Youcancallmeirrelevant · 26/01/2026 14:02

Chattypatty1 · 26/01/2026 10:48

Also know this sounds like a silly question. But how do you mums who work full time do it with two children ?

I earn a lot more than £2600 per month, maternity pay was full pay for 6 months, and have family to help with some childcare and school pick ups

BumpyWinds · 26/01/2026 14:02

If he's a Term Time Only employee at a school, he'll be paid every month but only for 44 weeks. Min wage at £12.21 x 35 hours x 44 weeks = £18,803.40 for the year. Net income per year for this is £17,058.88 = £1,421 per month. I'm not sure if he has to pay student loans or pensions out of this (I'd be surprised as that would make total pay less than MW), but it's really not very much money even at the full rate.

How are you going to afford childcare or maternity leave??

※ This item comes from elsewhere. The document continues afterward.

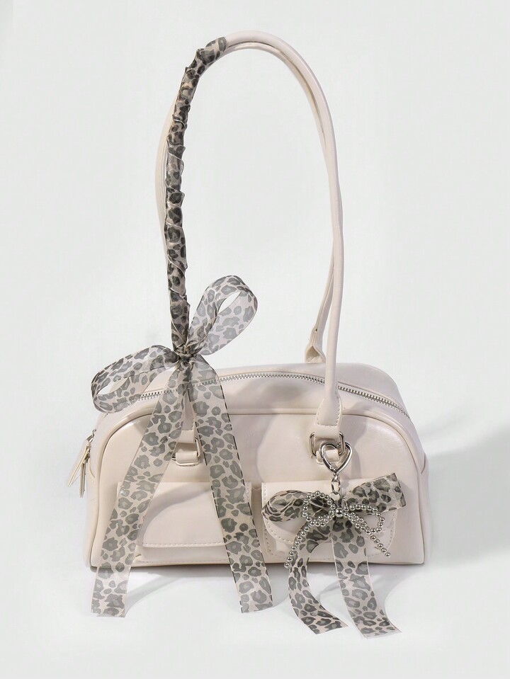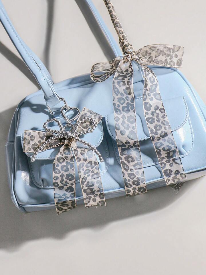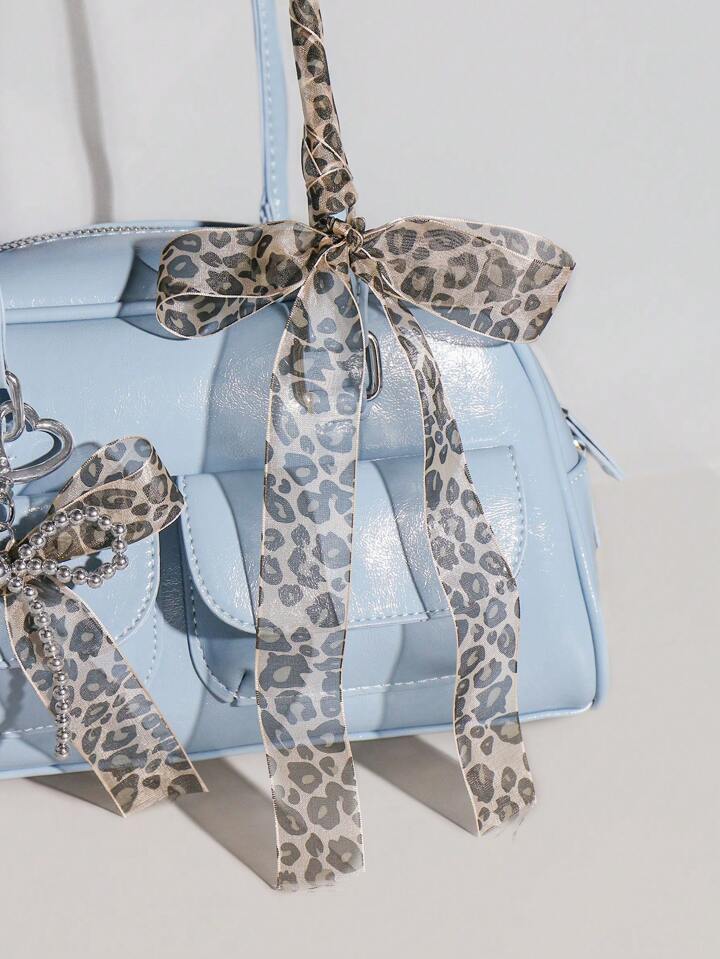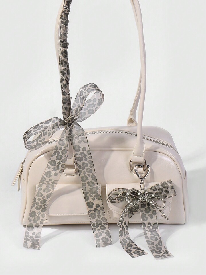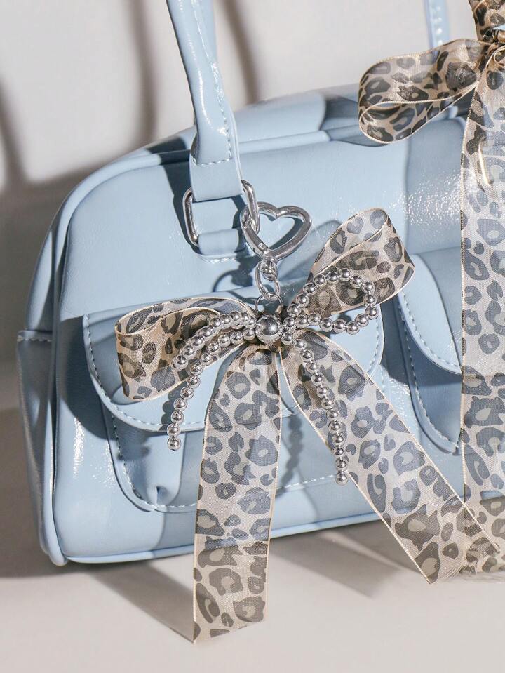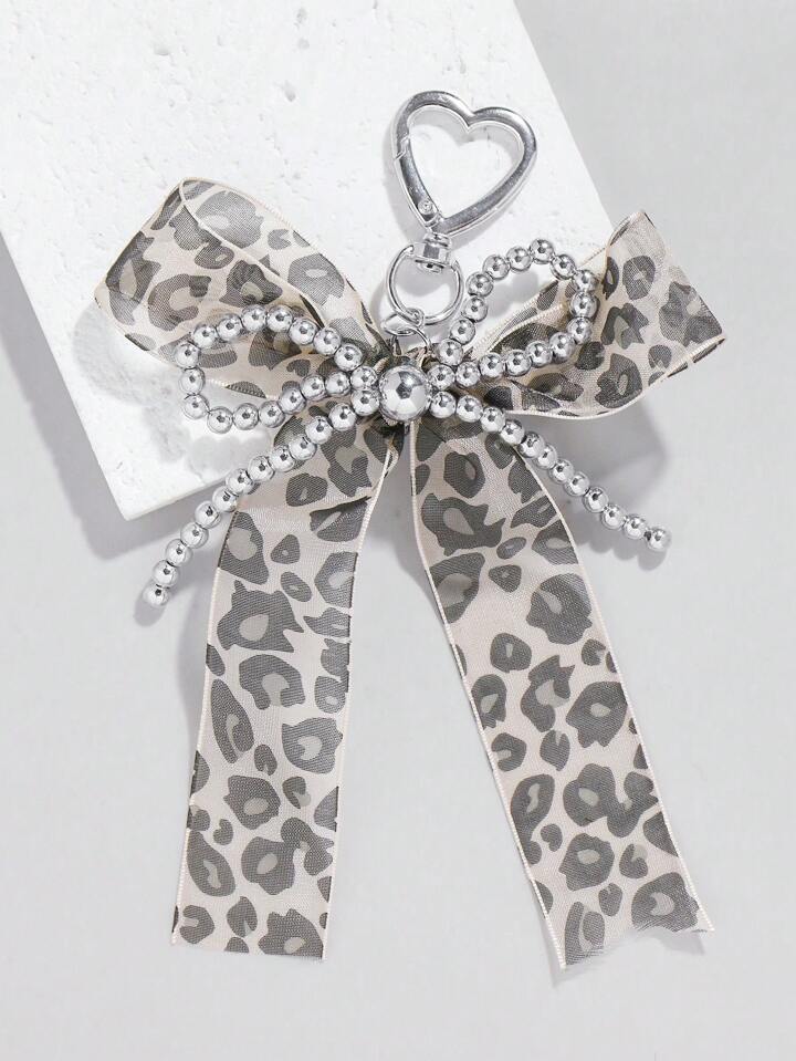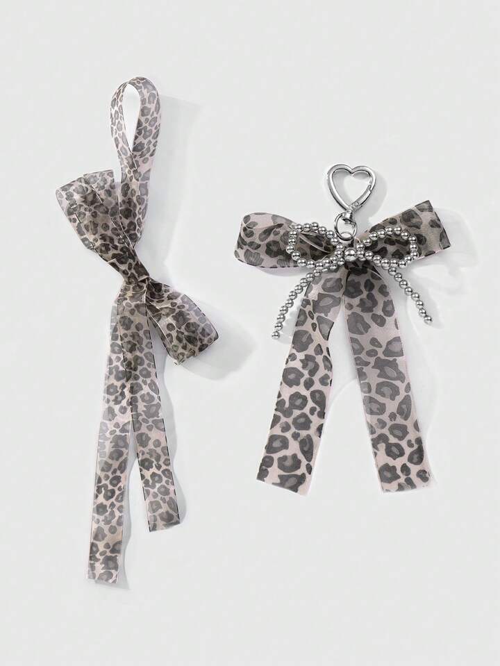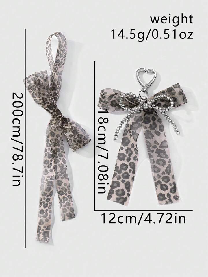 Kawaii 2 Stücke handgemachter CCB Perlen Spitze Schleife mit Leopardenmuster + 150 cm Spitzen Leopard Scrunchie Geschenkset, Mode Schlüsselanhänger Zubehör Taschenanhänger für Frauen und Mädchen

I have a suspicion he either earns more than he's telling you (have you seen his payslips?) or he's over-sold his role to you because someone running an inclusion unit of a school wouldn't be on minimum wage I'm sure. I know schools don't pay well, but minimum wage is the level for Teaching Assistants and support staff.

ManyATrueWord · 26/01/2026 14:03

Oh, goodness! Whilst I love seeing women come together and help a poster see the reality of her situation before she gets more hurt, I really wish that these things sometimes had a happy ending.
@Chattypatty1 I agree with the covert narcissism suggestion. Refusing to do numbers is one. Using self flagelation as a tool to avoid you examining reality is another. The number of hours versus the number of £ coming in suggest he is up to something, probably another woman. He's trying to chain you to the kitchen sink barefoot and pregnant.

TreadSoftlyOnMyDreams · 26/01/2026 14:07

6 months into role. Just how hands on was he with your child over the Christmas holidays?

He's avoiding doing any parenting by faffing about at school after hours. It would be a hell would freeze over from me too.

lechatnoir · 26/01/2026 14:12

For those questioning the wage, £1200pcm does actually sound about right for a TA on NMW annualised as they will only be contracted for 38 weeks but paid over 12 months . What I would question is whether it's actually worth him working whilst paying for childcare if not now then it most certainly wouldn't be for two children if you go down this route.

My DH took a year off to care for our 2 children and was the traditional SAHP ie he took care of children & home during the week and we shared at the weekend. He did actually get a PT evening job 2 days a week and this meant with the savings from childcare and extra income we didn't feel the impact of a 2nd child quite so much plus it was great for his sanity/mental health as he found it quite lonely being a dad in a mum's world. DO NOT go down this route if he's a lazy fucker as he'll end up basically hanging around at home minding the kids doing bugger all.

Christmasinmecar · 26/01/2026 14:13

I would be saying when you can physically concieve, carry and give birth to a baby himself and him alone, not surrogrates then yes go ahead.
Until then NO WAY.
If he was going to continue with the 'we'll work it out' or 'baby or else' then it would be a case of shut the door on the way out Joe.